Wembley (x3); Cup-Run; Ha ha ha ha ha ha; May '99; Nat Lofthouse; Neil Cox
That gloriously perfect day in May last year which will remain untarnished by the season that followed; a mauling at the Vic which we should have won by more, a stolen win at the Reebok which we shouldn't despite Gifton's attempts to drag the Bolton defence around in his wake; that ridiculous Gary Porter-inspired 4-3 win and John McGinlay scoring a lot.
Bolton made it to Wembley again, this time losing on penalties in the FA Cup semi-final to Villa after steadfastly refusing to win the game in normal time. They also deprived Wolves of a play-off place again (ha ha) before going out to Ipswich in controversial circumstances at Portman Road. They have since been penalised by the FA for their behaviour in the game, but having seen the highlights it's fair to say that if I'd been a Bolton fan I would have been arrested that night....

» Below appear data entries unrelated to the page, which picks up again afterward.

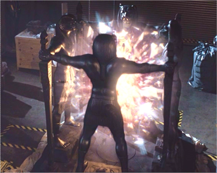 The Sun Cage consisted of four sculptures of Egyptian gods: Amon, Horus, Selkis and Toth each holding an inverted obelisk. The four statues were standing on a square plate of magnetite, in the center of which is a round disc, just below the site of opening of the Anomaly. At the corners of the plate are engraved hieroglyphics, which apparently describe the Sun Cage's function.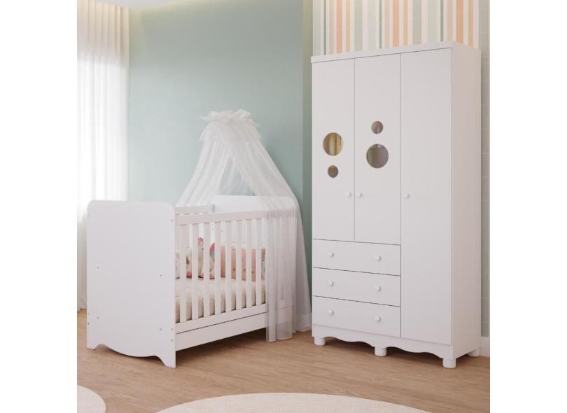 Quarto Bebê Completo Berço Americano Ben 3 em 1 Guarda Roupas 3 Portas 3 Gavetas Bolinha 100% MDF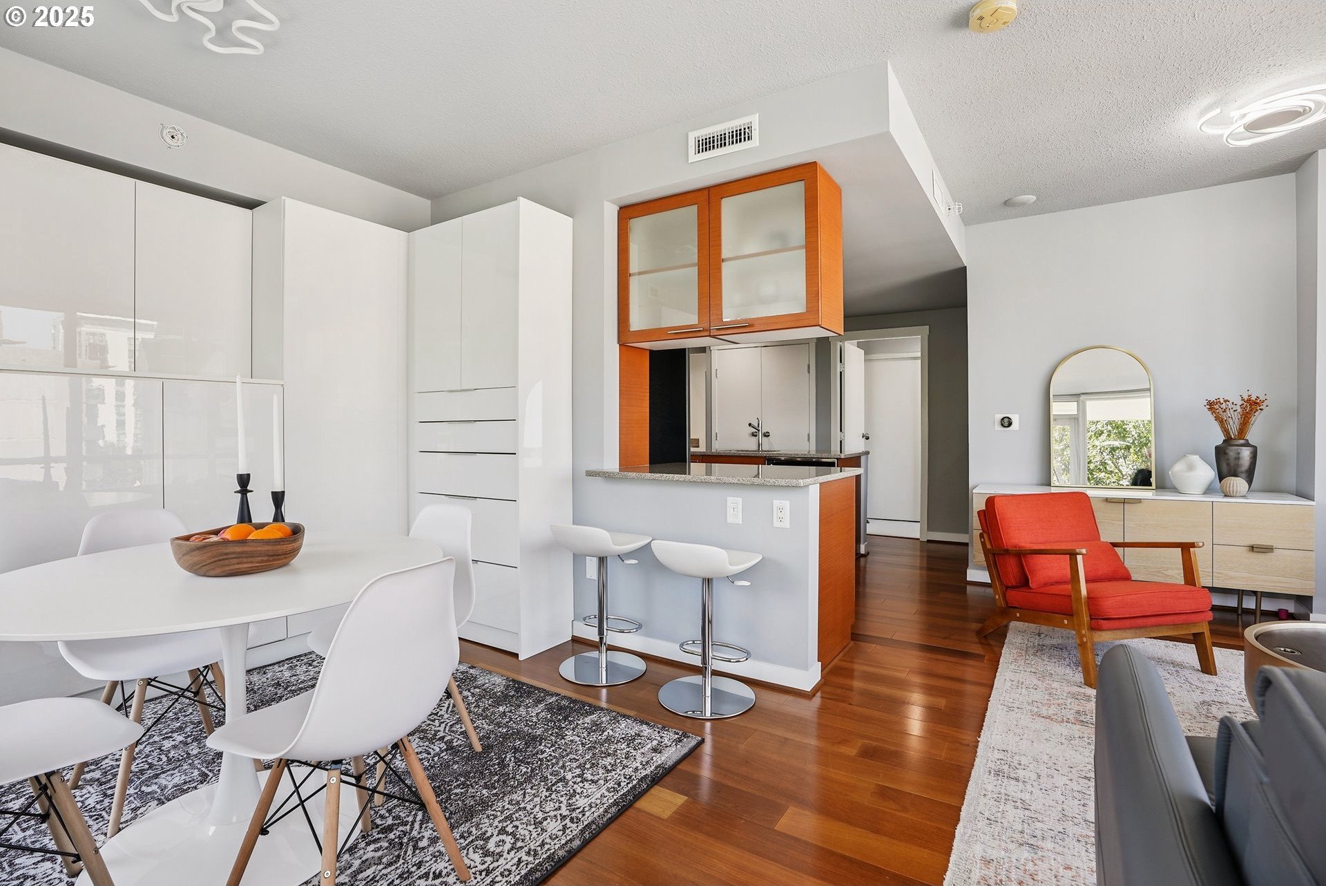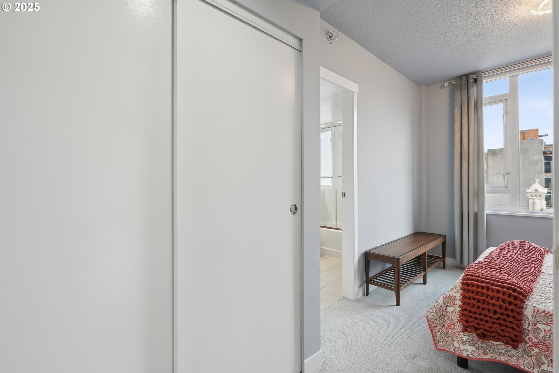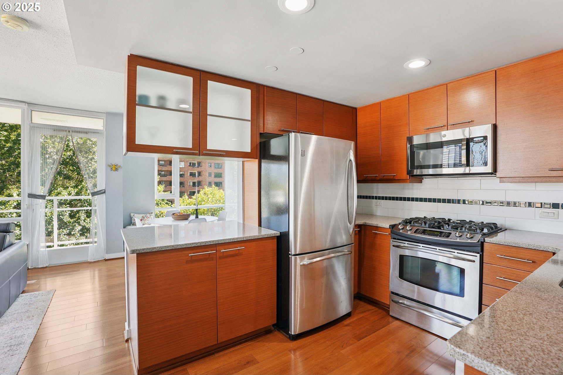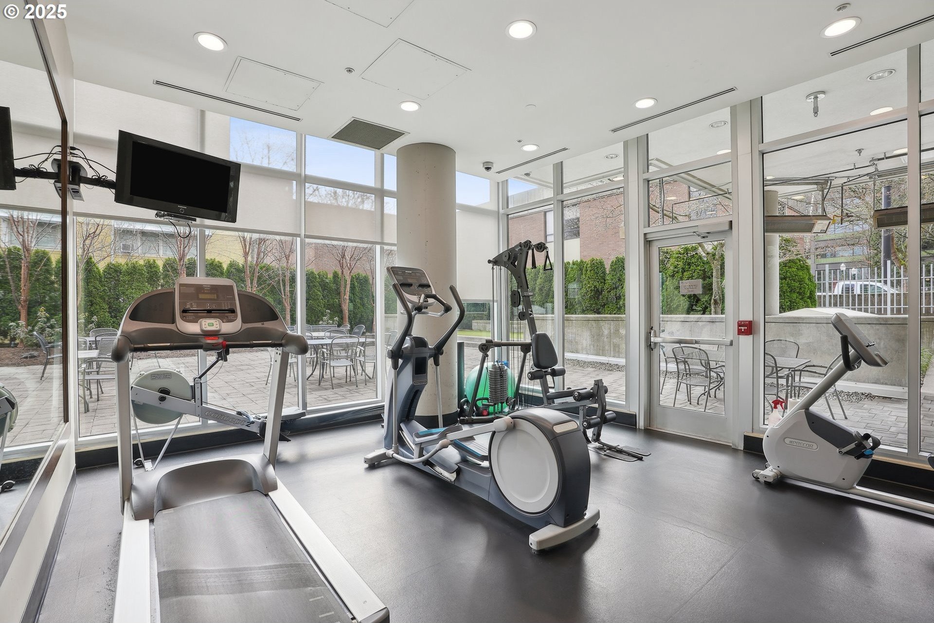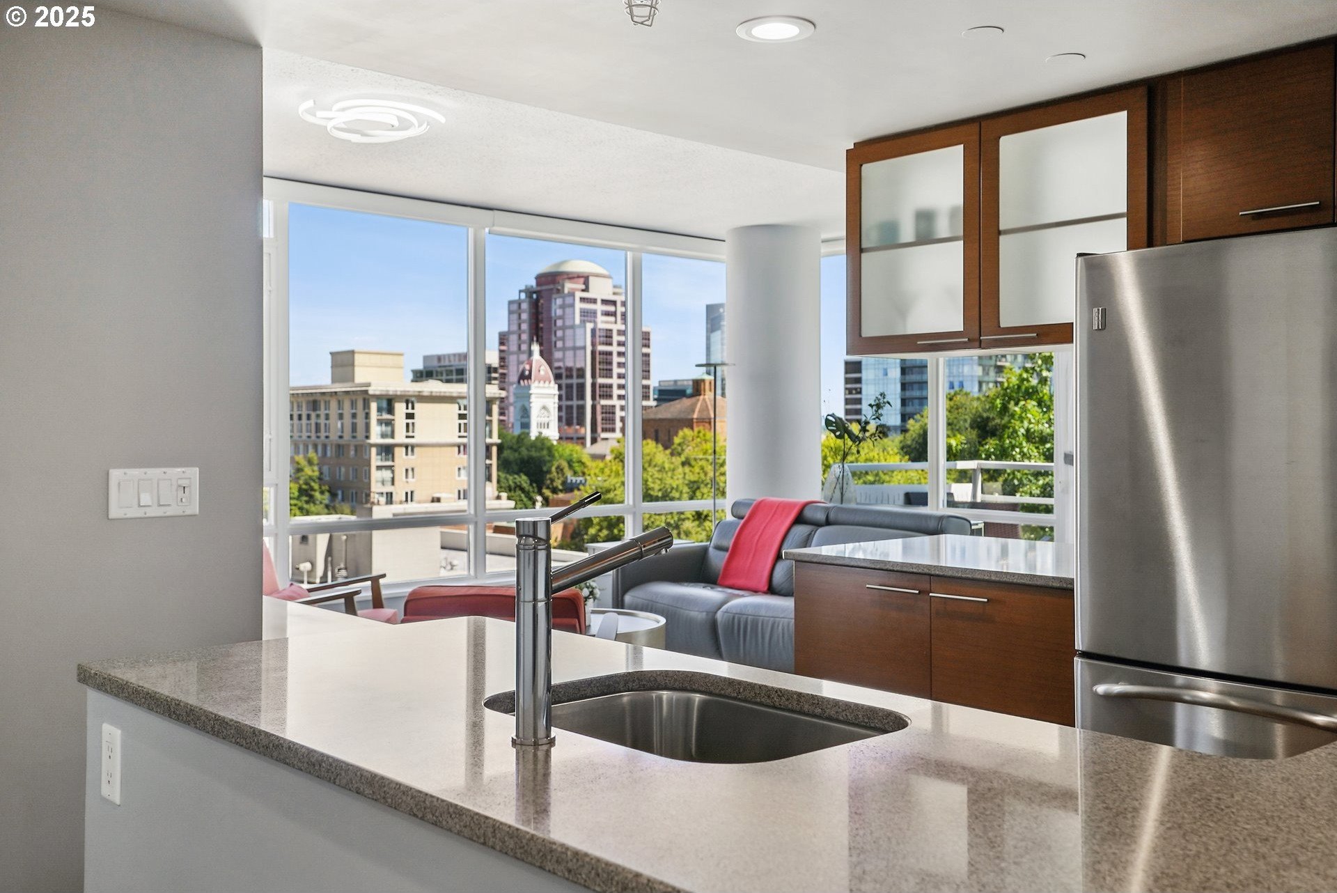 This NE corner condo on the 6th floor offers great views of the city, surrounding, treetops, and neighborhood. Inside, you'll find hardwood floors, large windows that let in plenty of natural light, and custom built-ins for extra storage. The primary bedroom includes an en suite bathroom, and there's also a convenient hallway powder room.The kitchen features a gas range, stainless steel appliances, and an eating bar. A private balcony provides a nice space to relax or enjoy the view.Building amenities include a hot tub, gym, meeting room, and a modern lobby with high ceilings and walls of windows. There’s also a large outdoor common area for gatherings or relaxing.Located in Portland’s Cultural District, this home near Portland State University, the Oregon Historical Society, Directors Park, the South Park Blocks, the Portland Streetcar, and a variety of dining, shopping, and entertainment options.Includes a deeded parking space and storage unit.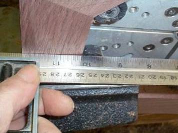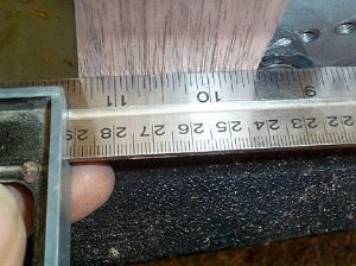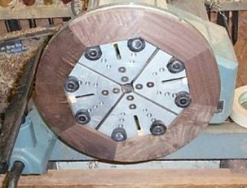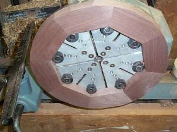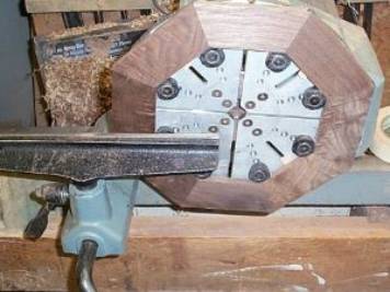 When I mounted the ½” thick rings to the chuck I found that the dogs stuck out too far and interfered with being able to dress the face of the rings. I taped some shims to the back of the octagons so that they stood out a bit from the face of the chuck and the dogs were no longer in the way. Two thicknesses of Popsicle sticks was just right. I dressed the faces and knocked off the corners just the same as the thicker rings.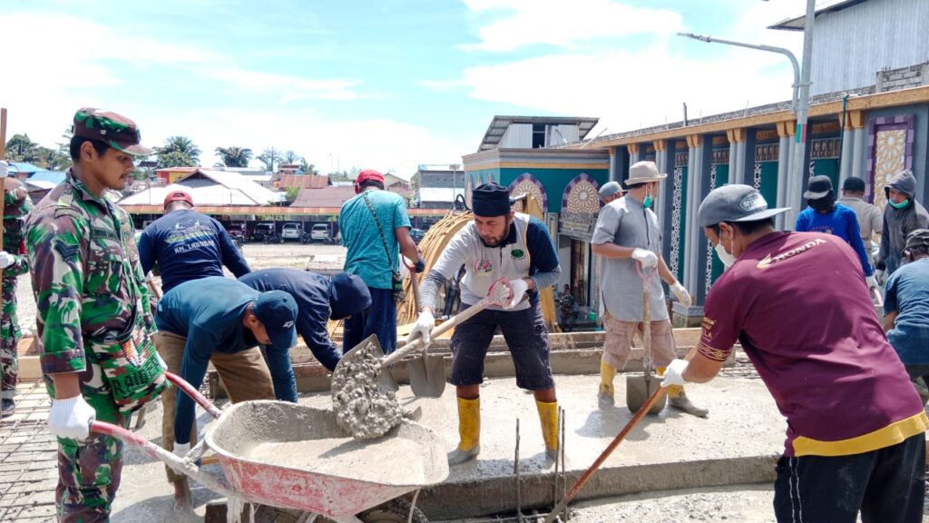 Dekai – Sebanyak 15 Personil Kodim 1715/Yahukimo dan Babinsa Koramil 1715-06/Dekai melaksanakan karya bakti dengan membantu masyarakat melakukan Pengecoran, Pembuatan WC dan kamar mandi Masjid At-Taqwa, Distrik Dekai, Kab. Yahukimo, Selasa (03/01/23).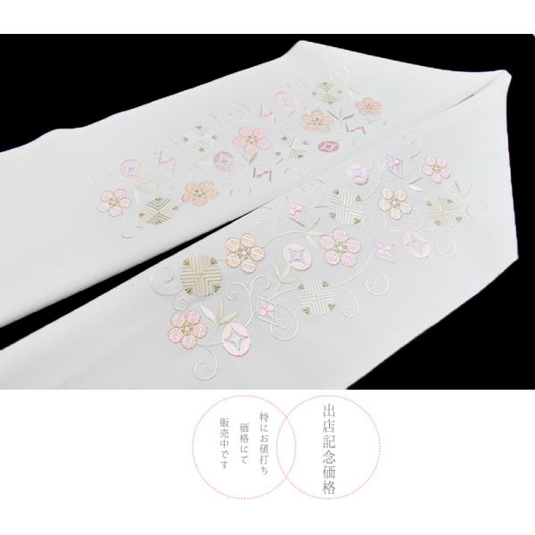 半衿 振袖 成人式 訪問着 刺繍 白地 白 ちりめん 桜 礼装用 黒留袖 色留袖 結婚式 ポリエステル 京越 着物 和装 半襟 No.10-7268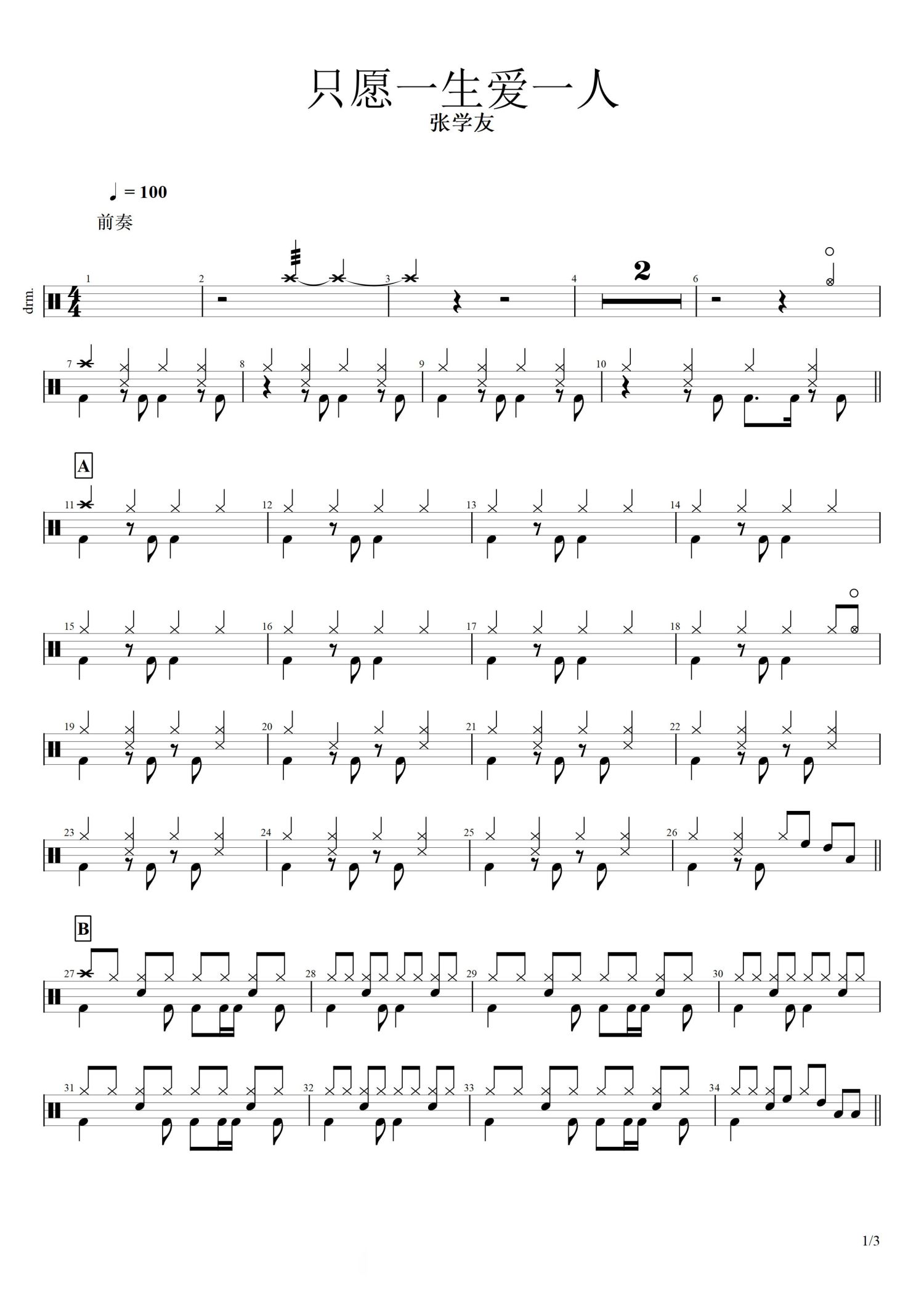 • 只愿一生爱一人鼓谱 - 张学友 - 架子鼓谱第1张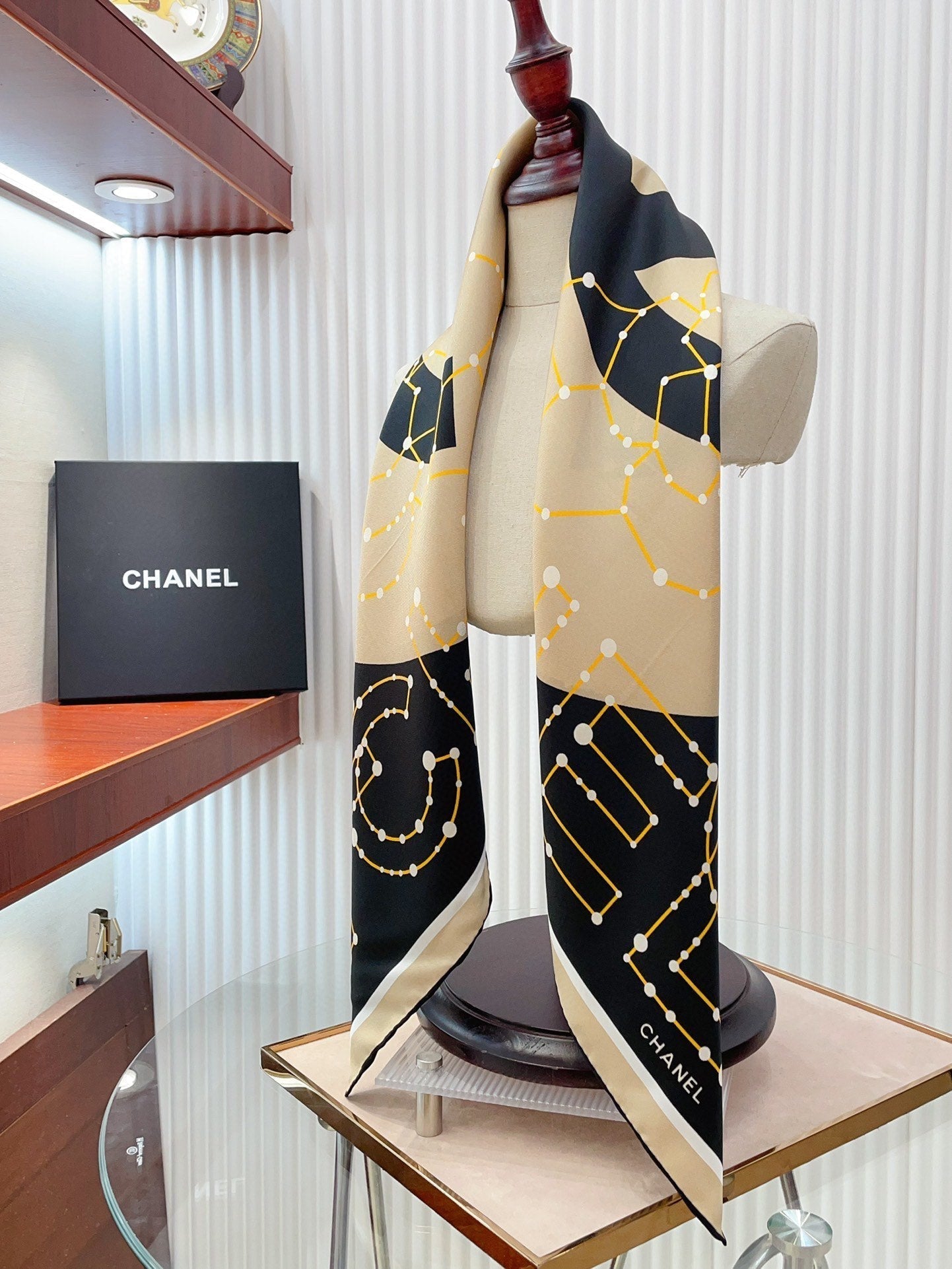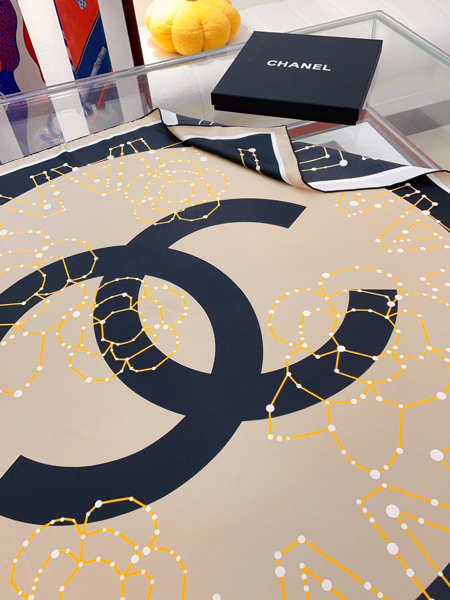 CC Square Scarf 90 CM In Black Mix Beige Silk Twill 206457

After a couple of failed attempts at regaining Premiership status, the changes have been rung at the Reebok Stadium in the summer. The biggest transfer receipts constitute healthy profits for the Trotters, but the "Players Out" column looks an awful lot stronger than the "Players In" list. Wanderers will no longer be amongst the shakers in the Division...top half would be an achievement.
How to annoy a Bolton fan
Well, it's hard to avoid that whole Wembley area. So don't avoid it. Speaking of which, I'd be very worried about any set of supporters that, while visiting the national stadium for their most vital game of the year, seemed far more interested in the opposing chairman's sexual preferences than anything else. Or maybe I've got this football supporting lark all wrong.
* A unique experiment, featuring instant reactions from BSaD pundits to the mention of the club's name.